The Wide Awakes were formed during the Election of 1860 to rally the support of young Republicans to whomever the candidate they would run in November, to protect Republican speakers from the attacks by “Democratic Irishman,” and to intimidate those who might look askance at the new party. In their appearance, for all the world, they looked like they were an armed militia. The Wide Awakes heightened the political theater of Republican support, but they also aroused those who did not want the United States to be administered under a Republican military dictatorship. They might have helped the Democratic Party were the Dems not so divided.
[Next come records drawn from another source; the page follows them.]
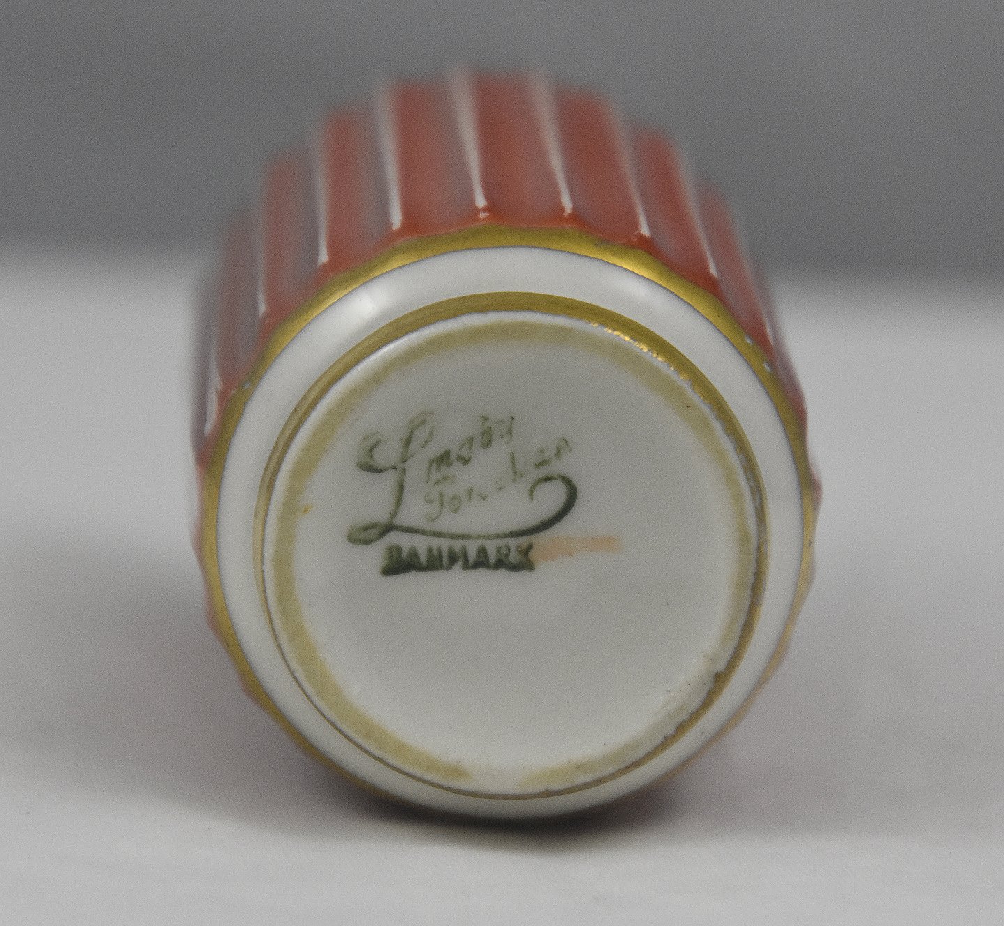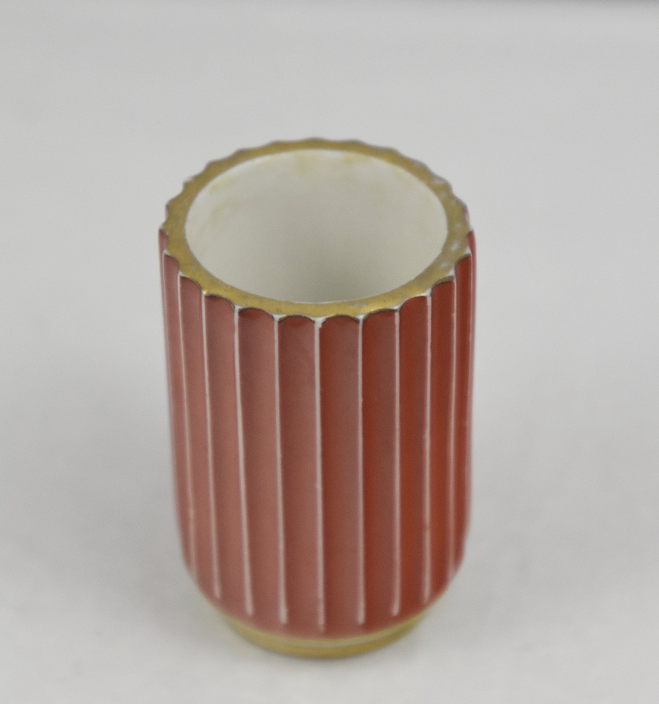 Rød Lyngby vase i porcelæn med riflet korpus og guldkant
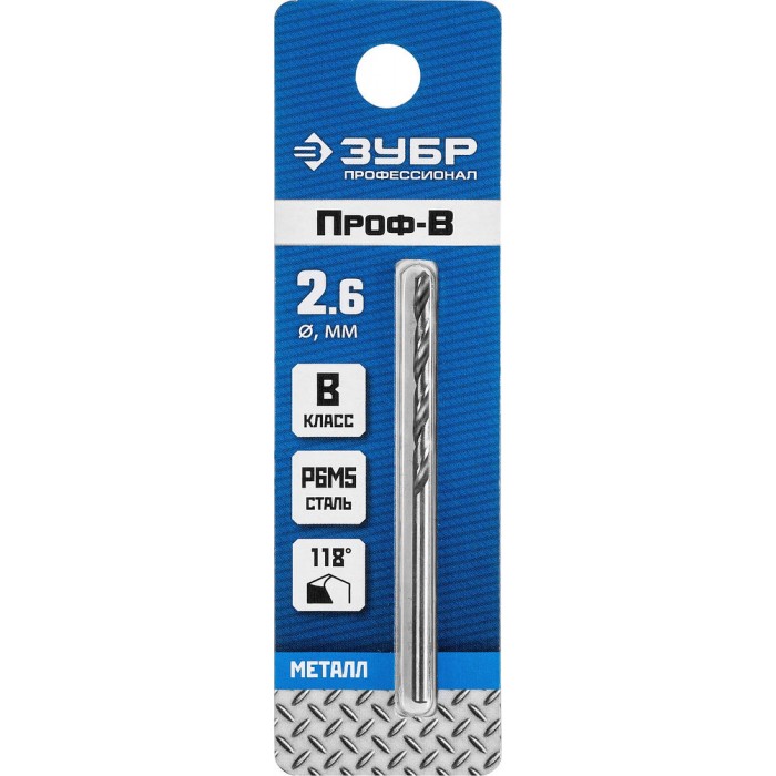 Сверло по металлу 2.6 x 57 мм сталь Р6М5 класс В ЗУБР ПРОФ-В Профессионал 29621-2.6
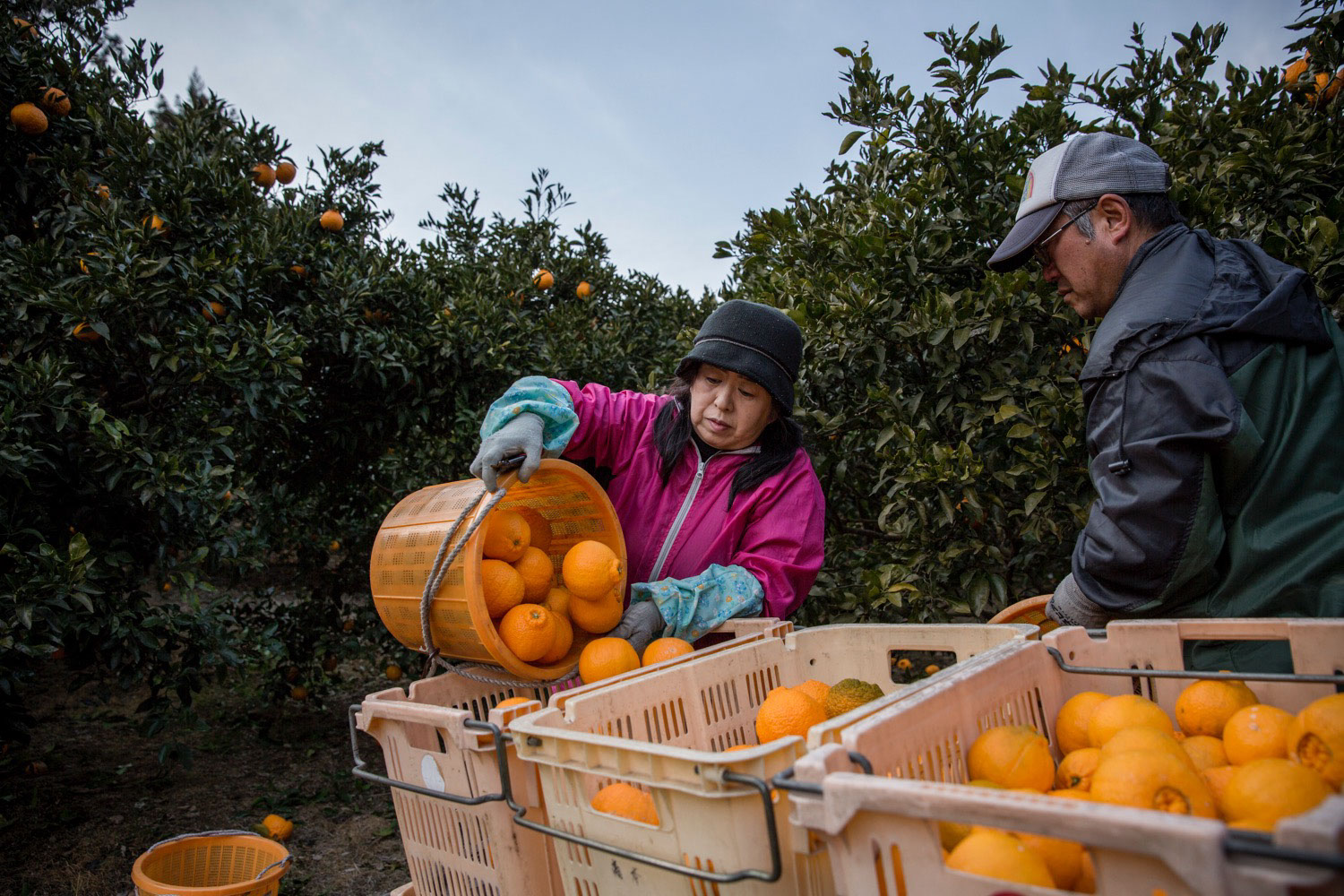 レモンの収穫を終えると、髙本夫妻は収穫時期を迎えていたデコポンの収穫に励んだ。収穫時期をずらし柑橘26種を栽培している
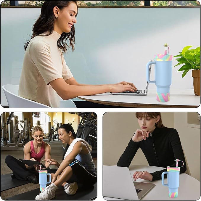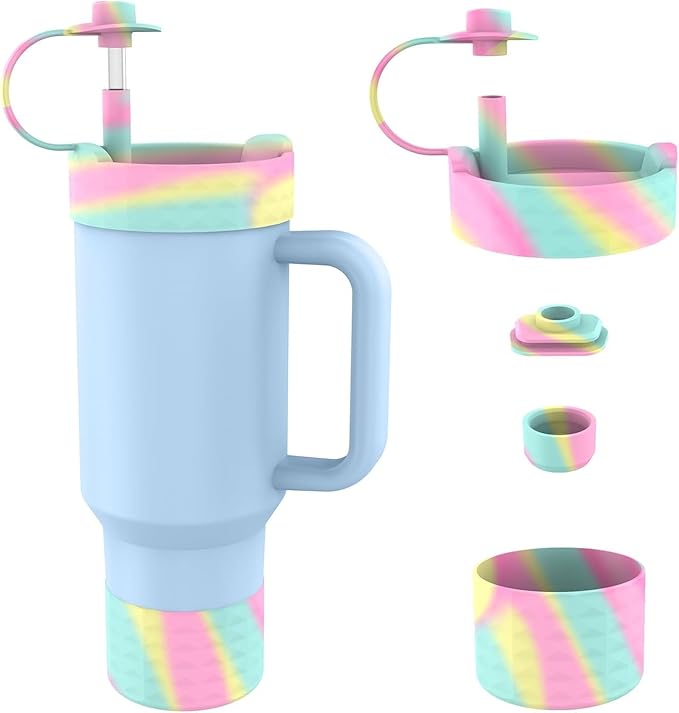 Protective Silicone Bottle Cover Set for Stanley Quencher H2.0 40 30 20 oz Tumbler with Handle & Iceflow, Anti-Scratch Cover Boot for Stanley Cup Accessories BPA Free (A)

The Wide Awakes were formed originally in Hartford, where all innovative ideas come from. The party they were formed to rally around had only participated in one presidential election, when Fremont ran against Buchanan in 1856. The Republican Party was still in the process of formation early in 1860, and it was not at all clear who would be the party’s nominee at that point. Into Hartford that cold February day, the Wide Awakes first appeared. This was a time when political street violence was common across America. And while the public liked to blame these street brawls on immigrants, Many of the largest rows were groups of native-born Americans assaulting one another. Throughout the 1850s, politicians of all stripes used violent language in denouncing their opponents. Listeners often took up cudgels to assault their enemies. Even in Congress, elected representatives fought.
In the 1850s, the Know Nothings, a secret organization which had accumulated popular support, had gone after the new waves of Irish and German immigrants coming into the country. They had started their own paramilitary organization, “The Wide Awakes.” The new organization recruited native-born workingmen into its ranks and used this structure to prevent immigrant citizens from voting or influencing public opinion. One Know Nothing Wide Awake riot in Washington in 1857 left eight people dead.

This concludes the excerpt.